Kegiatan ini diselenggarakan oleh Direktorat Pencegahan dan Penanggulangan Isu Strategis Universitas Negeri Surabaya dengan dukungan Badan Penanggulangan Bencana Daerah (BPBD) Kota Surabaya. Kegiatan ini menjadi bagian dari komitmen Unesa dalam membangun budaya keselamatan, kesiapsiagaan bencana, serta lingkungan kampus yang aman dan sehat.
Pelatihan dan simulasi ini bertujuan untuk meningkatkan pemahaman dan kesiapsiagaan sivitas akademika terhadap potensi bencana, mengenalkan aplikasi Weather Observation and Forecast Integrated (WOFI) sebagai sistem prakiraan cuaca real-time, serta memitigasi titik-titik rawan bencana di lingkungan Universitas Negeri Surabaya.
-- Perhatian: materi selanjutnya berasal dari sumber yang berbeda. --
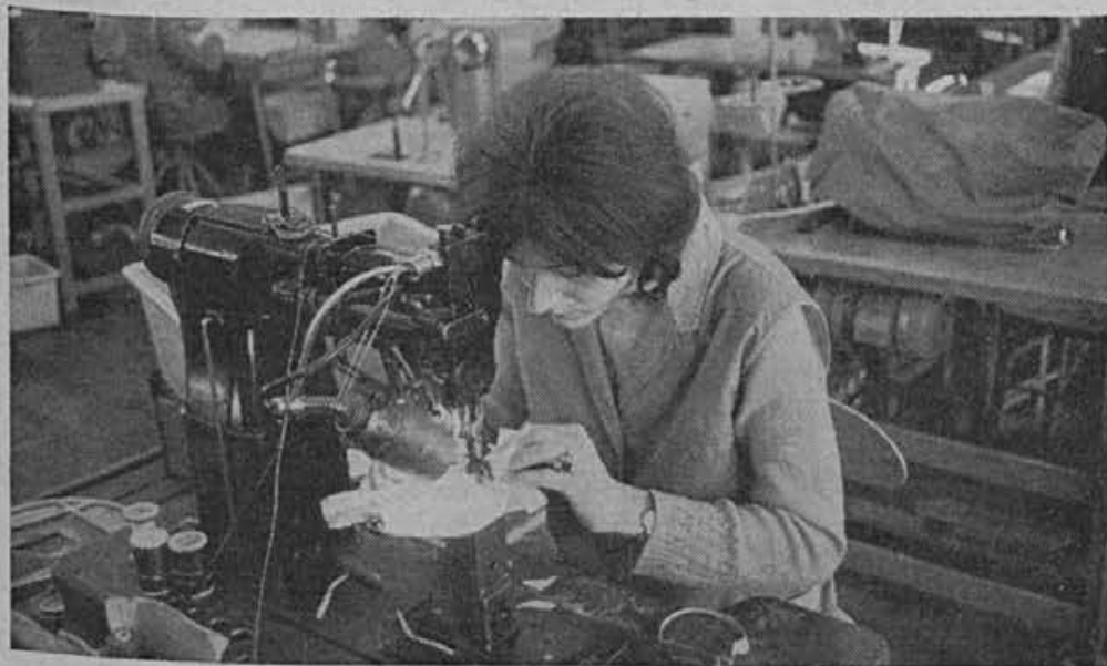
Od prešivalke se zahteva natančnost in brzina pri delu

Peserta kegiatan terdiri atas 59 orang perwakilan dari masing-masing fakultas di Unesa, yang meliputi dosen, tenaga kependidikan, serta petugas satuan pengamanan (satpam).

Materi kegiatan disampaikan secara bertahap dan aplikatif, meliputi:
Materi kebencanaan dan mitigasi risiko bencana di lingkungan kampus
Pengenalan aplikasi Weather Observation and Forecast Integrated (WOFI) sebagai alat pendukung kewaspadaan cuaca
Simulasi pertolongan darurat menggunakan tandu sebagai bagian dari penerapan Keselamatan dan Kesehatan Kerja (K3)
Simulasi penanganan gempa bumi untuk melatih respons cepat dan tepat dalam situasi darurat
Kegiatan ini menghadirkan narasumber dari Badan Penanggulangan Bencana Daerah (BPBD) Kota Surabaya, yaitu Bapak Sanubari dan Bapak Arya, serta dari PT Servvo Fire Indonesia, yaitu Ibu Bela, yang memberikan penguatan materi dan pendampingan pada sesi simulasi.
Melalui kegiatan ini, Universitas Negeri Surabaya diharapkan mampu meningkatkan kesiapsiagaan sivitas akademika dalam menghadapi potensi bencana, memperkuat penerapan K3, serta menciptakan lingkungan kampus yang aman, sehat, dan bebas dari kekerasan.